“Quantity over quality man, quantity over quality…” my friend Jonathan said, distracting me from my writing. It’s a bad idea to invite your friends to the coffee shop with you when you plan on trying to finish a blog post. It’s a bad idea for the same reason that “study groups” in high school were a bad idea. You don’t make a “study group” because you really think it will help you pass the test, you do it because you want to hang out with your friends and still convince yourself that you’re being productive. Sometimes you really did convince yourself— you get your World History test back with a fat D+ on top and say “what!? but we studied for like five hours last night!” Maaaaaaaan, you didn’t study for five hours— you ate Doritos and quoted the movie Half Baked for five hours.
But Jonathan is right. He was reminding me of a creative strategy that I hold dear to my heart. My goal for this blog isn’t necessarily to knock it out of the park every week with a transcendent essay. It’s simply to be consistent in writing. For one of my major motivations for having a blog (aside from being able to exercise my narcissism) is that I just want to become a better writer. And If I write something every week, then I’ll become a better writer. Right?
Well, let’s hope so. I can say that I was really trying to knock it out of the park with my blog post last week, and that it proved to be crippling. I wanted to articulate everything that feels wrong, or dark, or scary to me about the world right now— i.e. Trump, climate change, the threat of nuclear war, diminishing natural resources, prejudice, rampant misinformation, and people’s complacency in the face of all these things. I wanted to offer some small silver linings, and some advice in the face of all of this darkness (oddly my advice was essentially the moral of the movie Bill and Ted’s Excellent Adventure: “be excellent to each other”). However, I didn’t post it last week because it felt incomplete and somehow untrue. I returned to it this week, but I found it felt even more false.
In that unpublished post I was trying to preach some high-minded and somewhat self-righteous stuff.

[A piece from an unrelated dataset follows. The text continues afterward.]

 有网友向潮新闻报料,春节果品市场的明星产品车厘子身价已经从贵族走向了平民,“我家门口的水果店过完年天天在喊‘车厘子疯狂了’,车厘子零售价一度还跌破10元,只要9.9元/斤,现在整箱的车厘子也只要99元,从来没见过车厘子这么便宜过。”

All of the things I was going to say were good, but until I start actually living up to those standards, I don’t think I have any right to prescribe anything to anyone else. The truth of the matter is, I am, like most people, majorly self-interested. I’m not anywhere near Trumpian levels of psychopathic egotism, however, when I’m laying in bed at night, typically I’m not dreaming about working to end climate change or lifting up my fellow human; I’m dreaming about becoming a successful film composer and meeting Penelope Cruz. I’m not proud, but it is true.
I do sincerely want the world to be a friendlier, more equitable place. I want us all to work to mitigate climate change. I want everyone to do the inner work of transforming our prejudices into openness, and I want everybody to be excellent to each other. I know that I can do much more in my life to work towards these goals. However, I do not think that we can all make some magical leap towards altruism. We’ve got to acknowledge where we are and what we are before we can hope to progress in any way.

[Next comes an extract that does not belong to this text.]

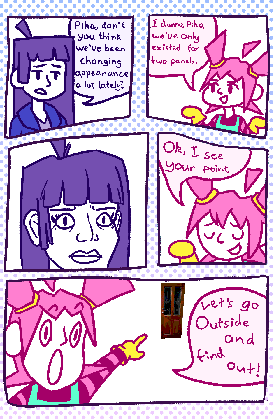 Heyy! Welcome to my silly comic where the art style changes every panel! I made this because I wanted to have fun with experimenting with art styles! I hope you like it! I have a few more pages made, so I will upload those shortly!

Personally, I’m just a dude trying to come up with enough words to fill out a Sunday blog post. And on the weekdays, I’m just a dude trying to come up with enough notes to fill out a three minute song. I do want the world to turn towards the light, but until I elevate my own activism, I’ll refrain from telling you how to live your life. In the meantime, here are two songs I wrote and recorded last week. Y’all listen in for the sound of the electric saw. See you next week.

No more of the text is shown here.